Kapitalist sistem her yerde olduğu gibi yayıncılık dünyasında da varlığını tüm şiddetiyle sürdürüyor. Tanınmamış bir yazarın kendine bu piyasada yer bulması çok zor. Yayınevleri bu kadar curcunanın ortasında tabii ki kendilerine para kazandıracak, kitabının çok satacağından emin oldukları yazarları tercih ediyorlar. Aslında bu konu burada geçiştirilemeyecek kadar derin bir konu. Sadece şu kadarını söyleyeyim; ilk kitabım çıkarken, bana benden önce bu yoldan giden yazar arkadaşlarım kitabın başlığının ve kapağının olumlu çağrışımlar yapmasını önerdiklerinde kitabımın ilk çıkanlar masasında yerini alacağını sandım. Tabii ki öyle olmadı. Destek Yayınları’ndan çıkan kitabımın kitapçılarda bulunması, özellikle de ilk çıktığı sıralarda kitapçılardan ulaşılabilmesi güzeldi tabii ama yeni kitaplar çıkınca soran olmadıkça kitapçılar yenisini getirmediler. Sadece internet satışı yeterli olmuyor, bir kısım okur kitabı dokunarak almak istiyor, o nedenle kitapçılarda görünür olması önemli. Şimdi ödüllü bir kitabım var umarım bu ödül Dünya Döner Renkler Kalır’ın kitapçılarda da görünür olmasını sağlar. Bu vesileyle, hiç biriyle şahsi bir tanışıklığım olmadan, kitabımı titizlikle okuyup değerlendiren ve oy birliğiyle 2022 yılı Yunus Nadi Roman Ödülü’ne Dünya Döner Renkler Kalır’ı seçen değerli Değerlendirme Kurulu üyelerine bir kez daha teşekkür etmek isterim.
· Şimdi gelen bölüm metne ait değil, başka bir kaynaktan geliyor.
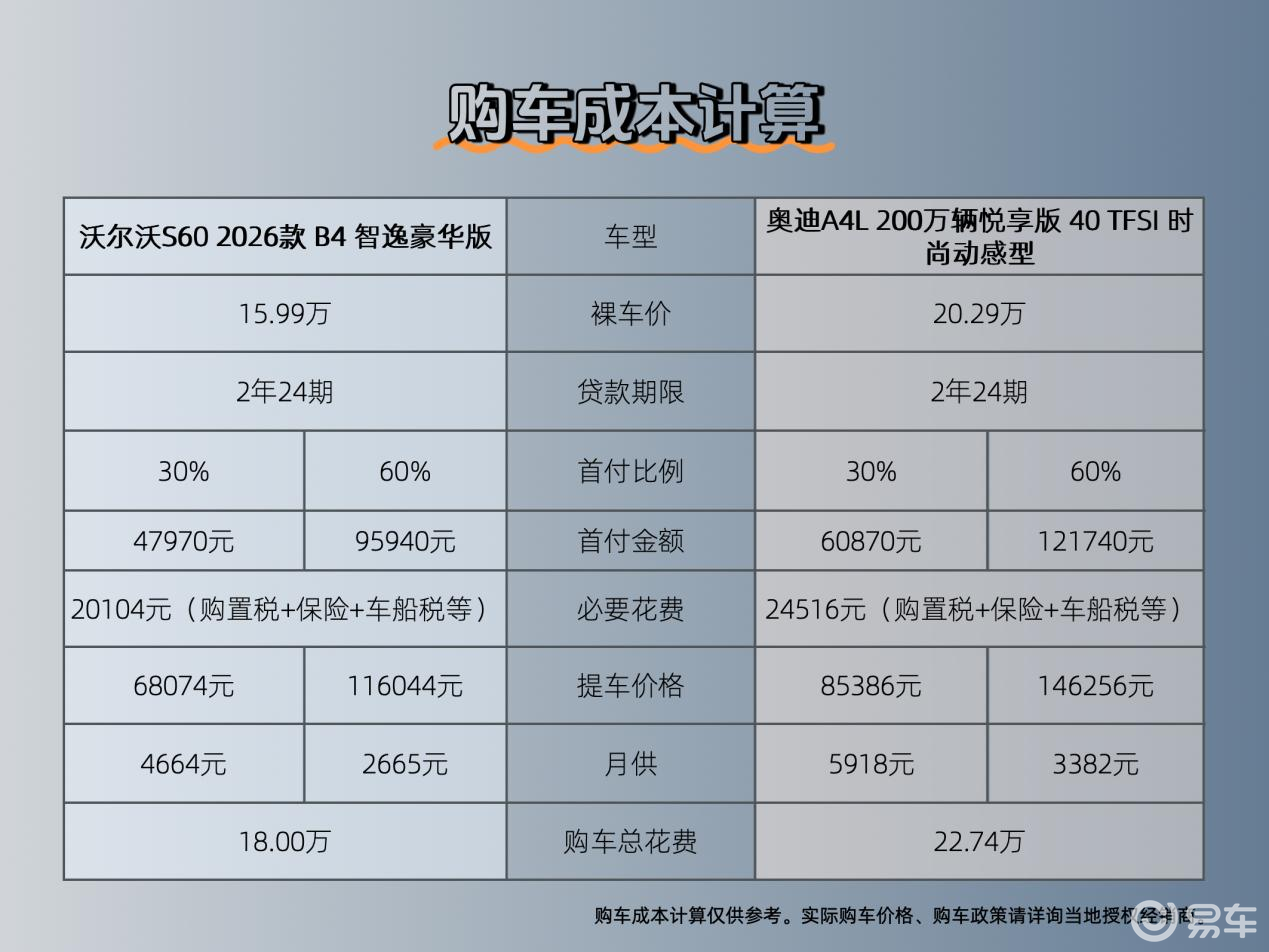 与此同时,奥迪A4L也有较大的优惠,入门版终端价格来到20万左右,那年轻人第一款豪华车,到底选奥迪A4L还是沃尔沃S60呢?我们接下来算算这笔账,看选谁更合适!...
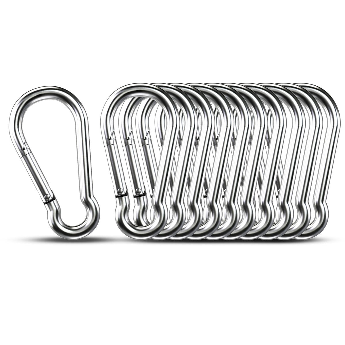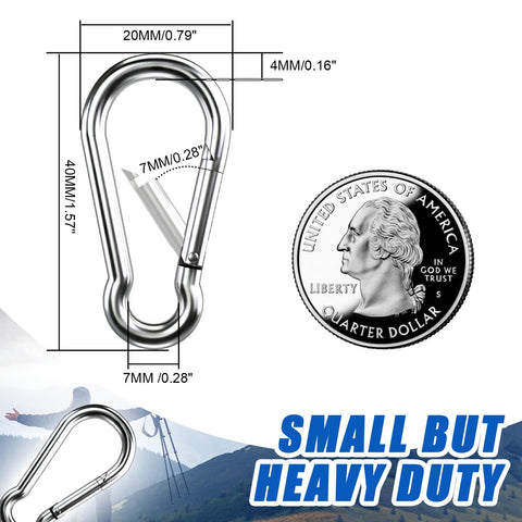 Small Carabiner Clip Hooks, 10pcs 1.57 inch Carabiners Heavy Duty, 304 Stainless Steel Spring Snap Hook Fits Camping Hiking, Metal Clips for Rope Chain Keychain Keys Rings Sale
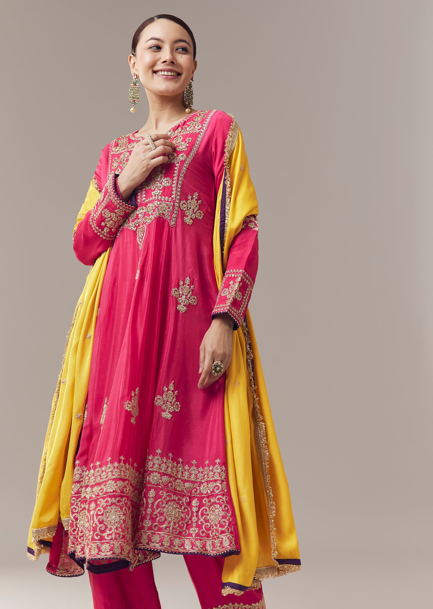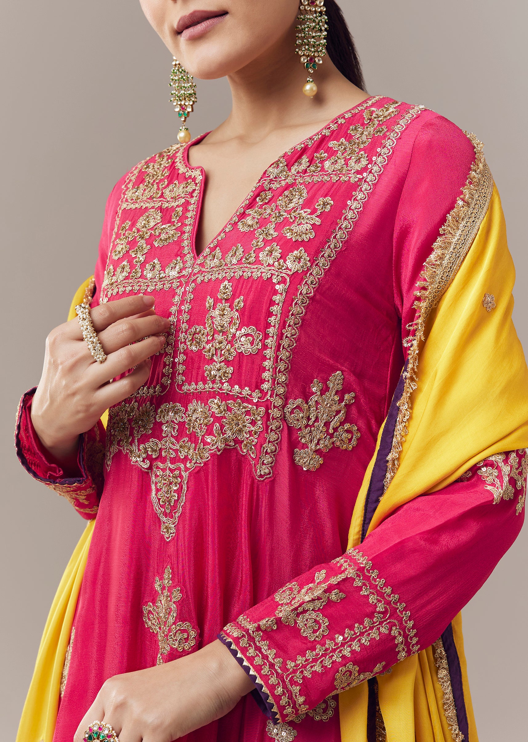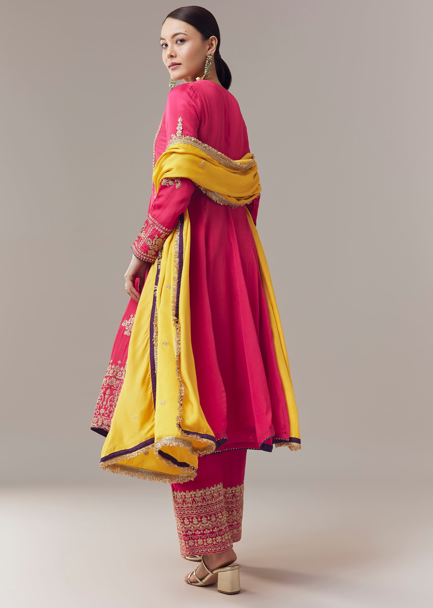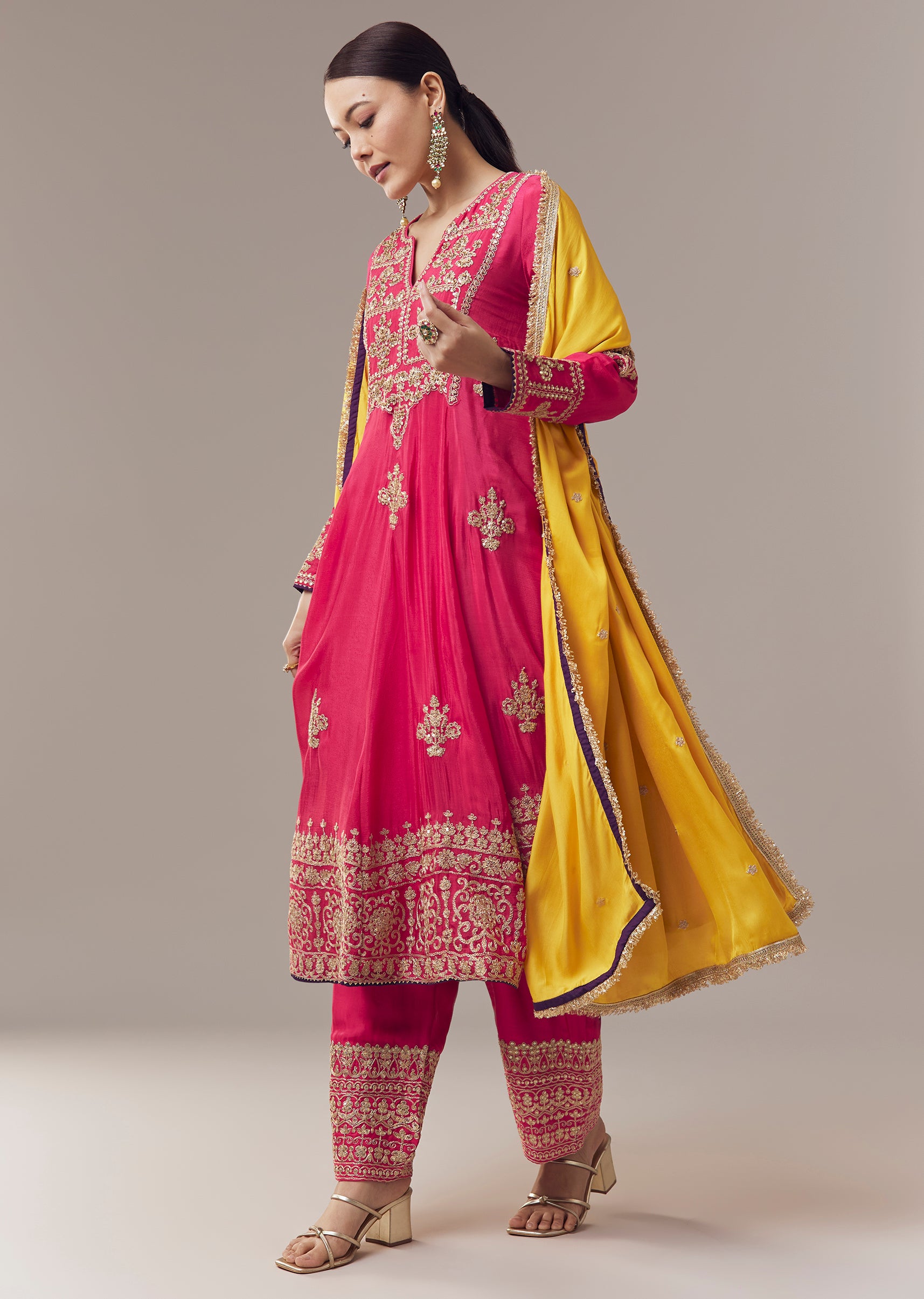 Vibrant and festive, this pink anarkali suit is crafted in soft chinon fabric for a lightweight and elegant feel. The kurta is adorned with intricate zari, cut dana, and... More Product Details

Teşekkür ederiz Belgin Hanım.
Ben çok teşekkür ederim. Sorular çok güzel, beni romana geri döndürdü çünkü ben bu en başında da söz ettiğim gibi, Dünya Döner Renkler Kalır’ın tersten devamı sayılabilecek bir romanın tam ortalarında başka bir zaman dilimindeyim. Sorular aynı zamanda çok zorlu ama oldukça iyi hazırlanılmıştı. Bu kadar iyi hazırlanmış sorular bana kendimi iyi hissettirdi. Sağolun, var olun. Güzel günler dileklerimle.